To some this makes Christianity seem incredibly depressing and morbid.  But when Bonhoeffer hears Jesus say, “Come and die,” it is not an invitation to slit our wrists or jump off the Driscoll Bridge.  Real discipleship is about being called by Jesus to “come and die…” so that in the process God’s Kingdom may emerge in us here and now.  Real discipleship is about letting go of our acorn-self, our grain-of-wheat self, so that our new, amazing, apparently impossible self, our oak-tree-self, which was always our real Self and true destiny, can emerge.  

What has to die is our old self, the self that finds its meaning and purpose in wealth, power, and popularity; the self that expresses its existence in what it can consume, own, control, keep, and demand; the self that is primarily motivated by fear, shame, and anger; the little ego-self driven by our personality, that is limited in vision by ignorance, crippled by desires, deaf to the voices of others, and defiled by sin.  In other words, it is maimed by all the conditions Jesus explicitly heals in his ministry, when people come to him with bodies broken by them.

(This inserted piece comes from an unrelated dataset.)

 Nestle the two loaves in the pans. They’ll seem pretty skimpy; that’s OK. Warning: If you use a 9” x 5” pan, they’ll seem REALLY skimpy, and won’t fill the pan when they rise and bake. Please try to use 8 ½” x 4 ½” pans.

Here Jesus intentionally connects his death with the death he is requiring from his disciples.  He goes right from a prediction of his own execution to the demand that his disciples also “deny themselves and take up their cross and… lose their life for [his] sake.”  He clearly does not want anyone to come away with the wrong idea, as if he is dying so we don’t have to.  What is really going on is that he is dying to show us the pathway to resurrection.  He is dying so we can too, and emerge with him in new life.  That’s the whole point.  That’s why the initiation ritual for entry into the Christian faith is… Baptism: a symbolic dying with Christ and rising again with him.  It is the pattern of growth into resurrection life

IV.

So, yes, Christianity is focused on “life after death.”  But that life after death begins to happen now, in the giving up of our old, ego-centric, selfish existence in practices of repentance and discipleship.  Jesus even warns us to get busy with this work now, because if the Son of Man comes in his Kingdom before we taste this death, that is, before we know who we truly are, it could be too late.  We will not recognize him because we will still be trapped in our old, shallow, fearful identity.  The oak-tree will appear and we will not be able to imagine that it has anything to do with us acorns.  In fact it will scare the living daylights out of us.

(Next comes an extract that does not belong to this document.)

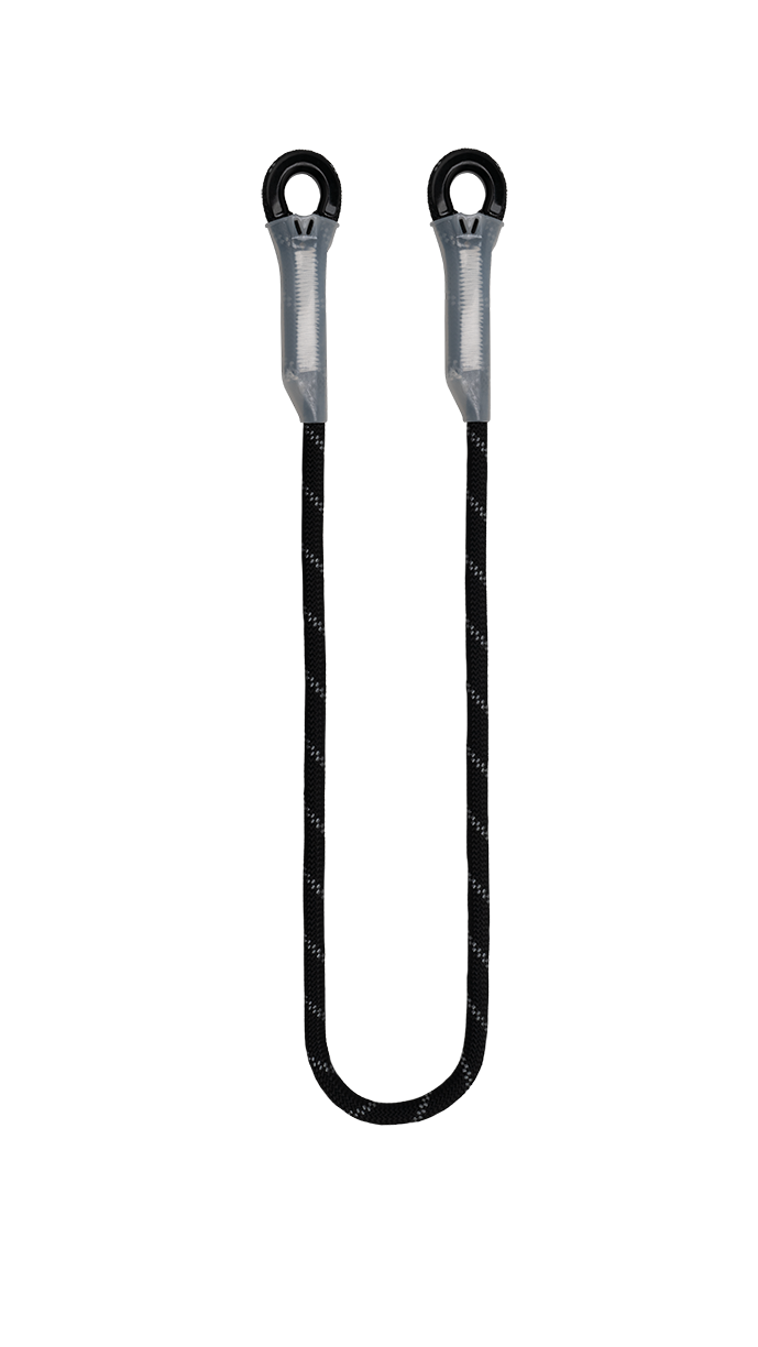 Cuerda de conexión **semiestática** Ø **12 mm** · **1,5 m** (retención/sujeción). **EN 354**. No apta para detención de caídas. Con **guardacabos** en extremos.

Paul writes that “if we have been united with him in a death like his, we will certainly be united with him in a resurrection like his.”  The point is resurrection.  The goal and destiny of human life is…. life!  With that as our future, it almost doesn’t matter what we have to go through to get there.  Our old self only sees the death part.  It can’t imagine anything on the other side of it.  The Christian life is about cultivating a better and truer imagination, convincing ourselves that, though we may be acorns today, will be oak-trees.  And the Christian life is about losing, releasing, giving up, letting go of our acorn-selves, which die… so that the new Self, Christ-in-us, the Image of God in which we are created, emerges into its fullness and glory.
+++++++ 
 



From that time on, Jesus began to show his disciples that he must go to Jerusalem and undergo great suffering at the hands of the elders and chief priests and scribes, and be killed, and on the third day be raised. And Peter took him aside and began to rebuke him, saying, ‘God forbid it, Lord! This must never happen to you.’ But he turned and said to Peter, ‘Get behind me, Satan! You are a stumbling-block to me; for you are setting your mind not on divine things but on human things.’

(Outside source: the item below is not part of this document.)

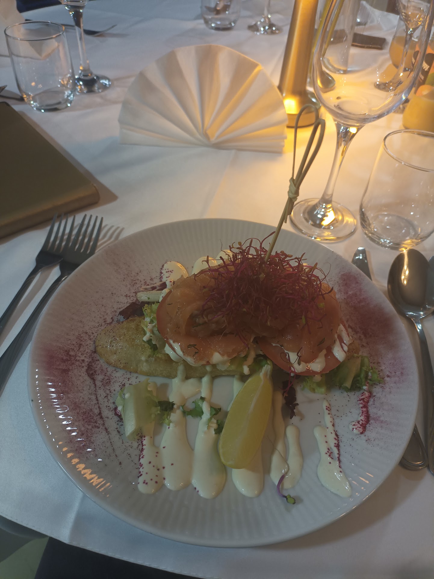 Read moreFirst and foremost, fantastic food! What you can see on photos is: Salmon carpaccio, fish soup, wild boar knuckle, duck brest and bananas with salty caramel for dessert. Out of these the dessert the dessert was nothing special but all the rest was top grade and on top of that, the portions were big (recently I noticed a tendency that good restaurants serve small meals - not the case here). If I can complain about anything it's that not everything from the menu was available but the stuff that we got was top notch and served fast. The waiter was a bit of a joker but I...

 Then Jesus told his disciples, ‘If any want to become my followers, let them deny themselves and take up their cross and follow me. For those who want to save their life will lose it, and those who lose their life for my sake will find it. For what will it profit them if they gain the whole world but forfeit their life? Or what will they give in return for their life?

 ‘For the Son of Man is to come with his angels in the glory of his Father, and then he will repay everyone for what has been done. Truly I tell you, there are some standing here who will not taste death before they see the Son of Man coming in his kingdom.’